▶ Material provided
* * *
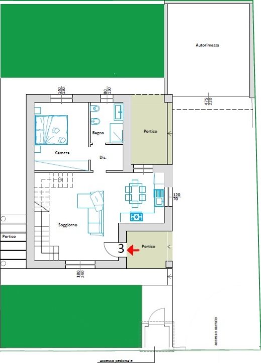 VILLA 3 - € 570.000. Villa di 155 mq, Giardino di 220 mq, Porticati di 26 mq e Terrazzo di 11 mq. Abitazione così suddivisa: piano terra ben 80 mq con ingresso su ambia zona living, cucina abitabile o aperta a preferenza del cliente servita da porticato, disimpegno, camera matrimoniale e bagno; piano primo di 75 mq con camera matrimoniale, camera doppia servita da terrazzo, camera singola e bagno. Il giardino di 220 mq circonda i quattro lati della casa. Il box è doppio in larghezza.
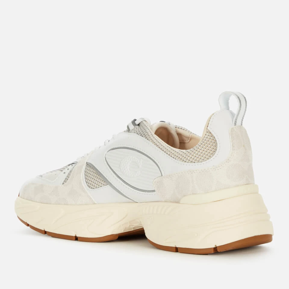 Lean into athleisure-level looks with these white running-style trainers from Coach. The panelled design offers an amalgamation of leather, suede and mesh, all of which adds to their streetwear appeal, while the brand’s Signature print can be spied at intervals. A rubber logo to the side adds another nod to the label.
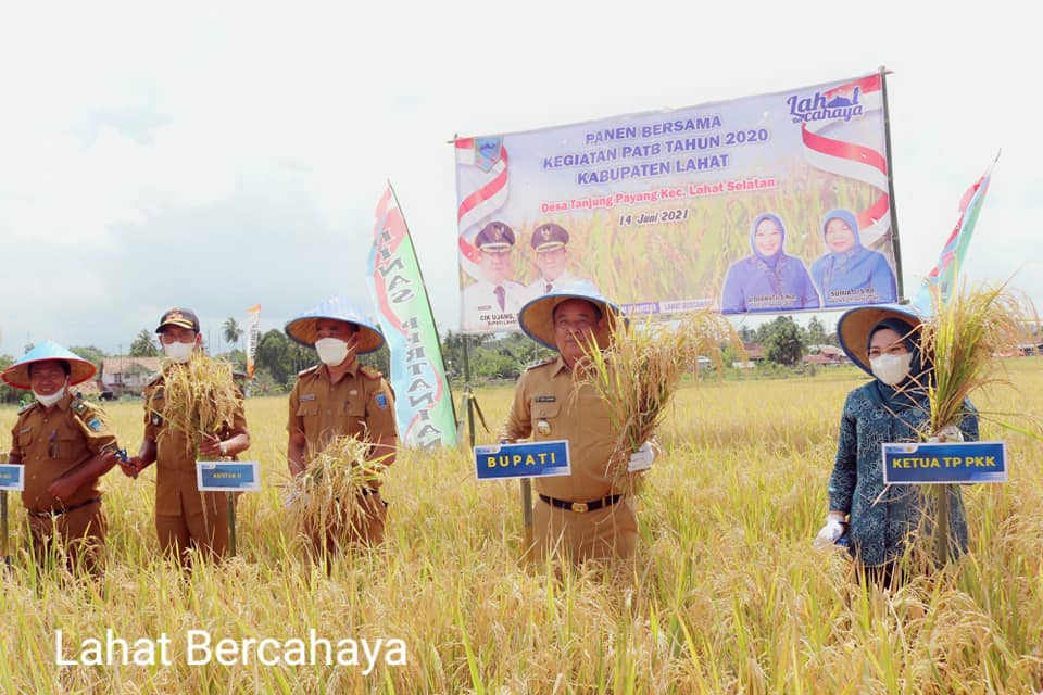 Kepala Dinas Pertanian Kabupaten Lahat Etty Listina SP.MM melaporkan, peningkatan produksi padi dalam kegiatan panen padi Bersama kegiatan Perluasan Areal Tanam Bary (PATB) Tahun 2020 di Desa Tanjung Payang.
* * *
▶ Exercise objective
The data shown above must be printed again exactly, with no images included.

▶ Reply
 VILLA 3 - € 570.000. Villa di 155 mq, Giardino di 220 mq, Porticati di 26 mq e Terrazzo di 11 mq. Abitazione così suddivisa: piano terra ben 80 mq con ingresso su ambia zona living, cucina abitabile o aperta a preferenza del cliente servita da porticato, disimpegno, camera matrimoniale e bagno; piano primo di 75 mq con camera matrimoniale, camera doppia servita da terrazzo, camera singola e bagno. Il giardino di 220 mq circonda i quattro lati della casa. Il box è doppio in larghezza.
 Lean into athleisure-level looks with these white running-style trainers from Coach. The panelled design offers an amalgamation of leather, suede and mesh, all of which adds to their streetwear appeal, while the brand’s Signature print can be spied at intervals. A rubber logo to the side adds another nod to the label.
 Kepala Dinas Pertanian Kabupaten Lahat Etty Listina SP.MM melaporkan, peningkatan produksi padi dalam kegiatan panen padi Bersama kegiatan Perluasan Areal Tanam Bary (PATB) Tahun 2020 di Desa Tanjung Payang.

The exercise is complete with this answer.